While it might not feel like it at the minute, 2020 is a year to celebrate for Minnesota’s Good Night Gold Dust, marking as it does, their ten-year anniversary as a band. With touring, rehearsing, or even seeing one another currently off the table, the band wanted to find a way to stay creative, and thankfully they’ve managed just that. Trading the recording studio for a bedroom, Laura Schultz and band member, turned producer, Colin Scharf, decided to work within the confines of quarantine, and have recorded a brand-new single, Owls, which we’re premiering here today.

GNGD-Laura-Casio

Perhaps unsurprisingly, Owls results in something of a sonic departure for Good Night Gold Dust, the band embracing the limitations and freedoms of working in a different manner. Laura notes the sadness of bandmates who, “live five minutes away”, yet couldn’t play on the track or be involved in the mixing process, while Colin admits, “it was refreshing to work on this one at home, without worrying about studio costs”. Colin even found time to complete some musical goals he’d never got close to previously, “I finally recorded this busted old accordion that I’ve been hauling around for years. It felt adventurous”.

The result of this change of approach is a different musical pallet to anything the band have worked on previously, the track arrives on gentle processed keys, before Laura’s vocal enters with a touch of Natalie Prass or Jenny Lewis; it’s perfectly melodious and lightly distorted, cracking with just a touch of static, that hints at what’s to come. Across the tracks three and a half minutes, in some ways it barely changes, the same chilling keyboard line, the same easy vocal, yet within those parameters, they warp and bend everything. A wave of ominous bassy synth cuts across the track then departs, fluttering processed percussion threatens to appear then dissolves back into the ether, a second, heavily processed vocal line mimics the main line, sounding like it might engulf it entirely, then fades without ever standing in its light.

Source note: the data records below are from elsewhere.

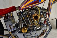 Deze Harley Davidson chopper uit 1975 met een 1000 cc Sportster motor is een lust voor het oog van puristische chopperfans.
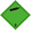 This features a green square with the number 2 written in black on it. This could be an official ADR pictogram, which is a symbol used to represent hazardous materials during transportation. The pictogram is designed to convey information about the potential dangers associated with specific substances and their handling procedures. It serves as a visual warning for those who handle or transport these materials, ensuring that they take necessary precautions to minimize risks and maintain safety standards.
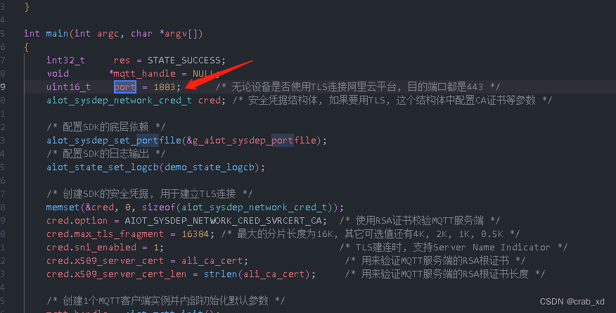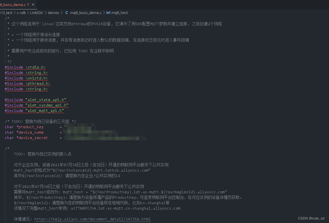 下面修改“mqtt_basic_demo.c”这个文件。打开它,修改三元组:

The accompanying music video is footage excerpted from a 1982 US National Park Services film. “I’d been searching for public domain videos,” says Laura, “and playing ‘Owls’ in the background to see if a video might match the music. The footage we ended up using is like three and a half minutes into that National Parks video. Everything synched up almost perfectly. We only made a couple edits”. The video’s scenes of the natural world in all its freedom and tranquility seem to play off against the processed, heavily constrained music, a perfect contradiction if such a thing could exist.

This may not be the anniversary that Good Night Gold Dust had planned, yet they’re making the best of a bizarre situation, approaching constraints with creativity and pushing their music into intriguing new territories as a result. While the celebrations might be on hold, when the time is right, Good Night Gold Dust are going to be beautifully placed for one hell of a party.